You did it! You have identified the need for a new role in your business, created the job description, followed the hiring process and found the ideal candidate to take on this role. Your work is finished.
Where is it? Any new hiring requires personal attention to ensure that they settle into their new role, ideally through a formal process of integration, and new employees in a completely new role require even more consideration.
Ideally, your company should have in place an integration system that can be applied to all roles, with additional integration hardware and role-specific procedures, including your own. new role.
Think of integration as if you were giving birthday cakes to your employees. Each cake is virtually identical, just as the parts of the integration process will be the same from one employee to the other. Yet, the icing on each cake is personalized with the name of each employee, just as the other parts of the integration process will be customized according to the particularities of each employee's role.
Customizing the cake for employees entering new roles takes a little more thought. Here's how to do it.
Onboarding: Cooking the Cake for All Employees
Start with the cake itself: your business should have an integration strategy for all new employees. This does not only make employees more comfortable when they start their work, but makes them more likely to stay in your business. One study found that new employees who were suitably integrated were nearly 70% more likely to be with the organization three years later than those who were not integrated.
A full integration process also makes new employees 50% more productive than they are without an integration process, and 77% of new employees reach their first performance milestones are formally integrated.
Despite all these benefits, nearly a quarter of companies do not have an official integration program. Do not let your business be one of them. Create an integration process that:
- Begins as soon as employees accept the offer of employment. We were all overwhelmed on the first day of work. Sending an employee manual and notes of information before an employee starts in your company gives them time to absorb information according to their own schedule and to minimize the information overload the first day.
- He feels welcomed by the whole team. Introduce the new employee to the entire team, not just HR and their department. If you are a small team, you may be able to facilitate in-person presentations with each employee; you can also present them in a company newsletter or on a company intranet.
- Communicate the values and purpose of your business. How does their role fit into the five-year strategic plan? What are the values of the organization, its purpose and priorities? Each new employee must understand the answers to these questions.
- Informs them about the company culture. This is not just about five-year plans and mission statements. New employees should also be informed of the essential elements of the company's culture. If employees regularly take beer after work on Friday or everyone speaks at the office's social committee, be sure to talk to your new employees.
- makes it clear where they can go to get answers to their questions. Whatever the complexity of your integration process, new employees are likely to have questions. Should they turn to a contact in the human resources department? A friend in their team? Their manager? A business mentor?

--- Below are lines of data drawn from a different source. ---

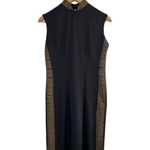 The ultimate in late 60’s early 70’s chic! ALFRED SHAHEEN black column dress with gold Greek Key design down each side as well as on the mandarin collar. Form fitting with front and back darts
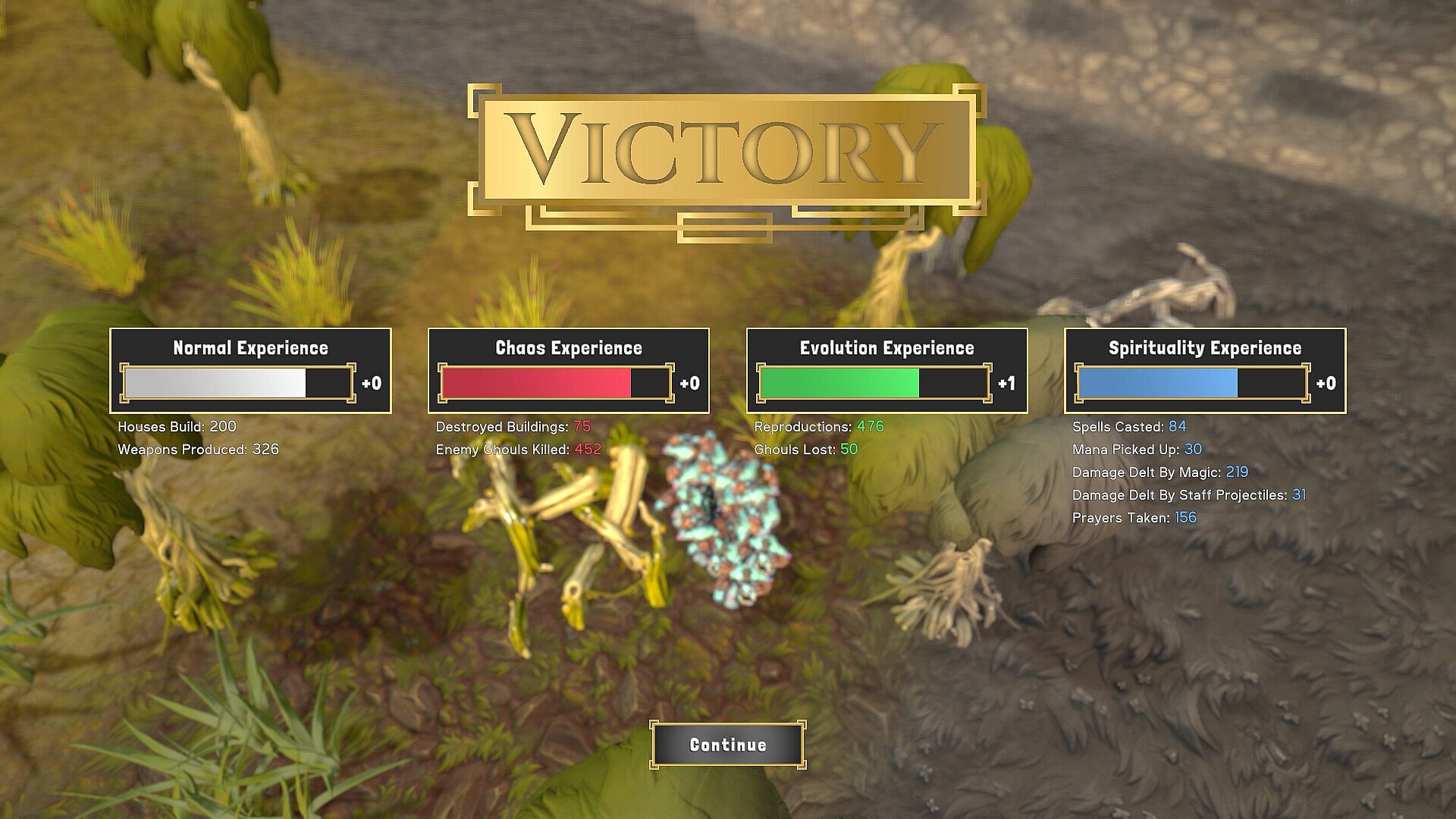 As a deity, your mission is to grow and lead your ghoul civilization while managing essential resources like food and mana. Your ghouls have their own behaviors but can be guided to gather resources, build structures, and engage enemies. Food allows them to reproduce and pray, generating mana for casting powerful spells.
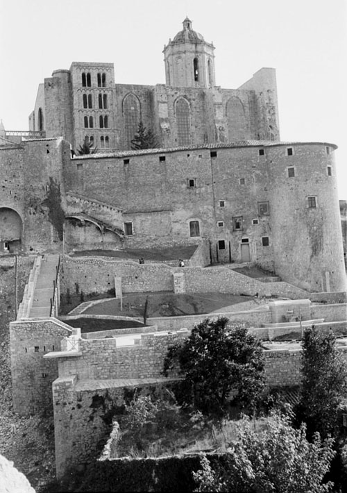 (Ampliar) - Vista del Passeig Arqueològic, de la Catedral i les torres Júlia i Cornèlia. També la torre de Carlemany. 1963. Josep Buil Mayral. CRDI - Ajuntament de Girona.

With this process of integration in place, your cake is almost done. All you have to do is customize it for your new rental.
Customization for new positions
If you've ever used icing to write on a cake, you know it requires a firm and precise hand. Similarly, there is a need to think about the appropriate customization of the integration of new employees, and especially new employees for new positions.
Start by going back to why your company created this new position. New roles are usually created to solve problems, such as:
- Fill a lack of skills in your organization. If your company offers new services or accepts new types of projects, you may need to hire people with skills that your current staff do not have.
- Reduce constant overwork among current employees. If your current employees are constantly overworked, it makes sense to add more manpower to lighten their workload.
- Take your business in a new strategic direction. Sometimes things change within a company, forcing new staff to take on new positions to correct their mistakes.
Your reason for creating a new position should influence the process of integration. Joining a company to take some of the workload of your colleagues is a very different context than joining in to clean up a huge public relations mess.
New employees need to understand how their role fits in with the overall situation, and new employees for a new position need to understand why their role has been created. Make sure this is part of their integration process and provide them with appropriate materials and resources to help them solve the problem for which they were recruited.
While human resources should direct the basic elements of the integration of a new employee, the manager of the new employee must be closely involved in the process of integration. As a human resource manager, be sure to describe to hiring managers when they need to take over the integration process, and which parts of the process you will be managing. Doing this will keep all parties on track and your new employee will not miss vital information or hear repeated information.
Do not stop there. As the first to be integrated into their new position, the new employee will have valuable feedback to improve the process of integration for the next time you hire for their position.
Six months to one year after the start of your new employee, evaluate your integration. Go to their direct manager to find out how the new recruitment was prepared (or not) by the process of integrating their role. And ask the new recruit:
- Is the work you are doing today part of the role that was explained to you during the recruitment and integration process?
- Were materials provided for orientation clear and easy to understand?
- What important information was missing from your integration process?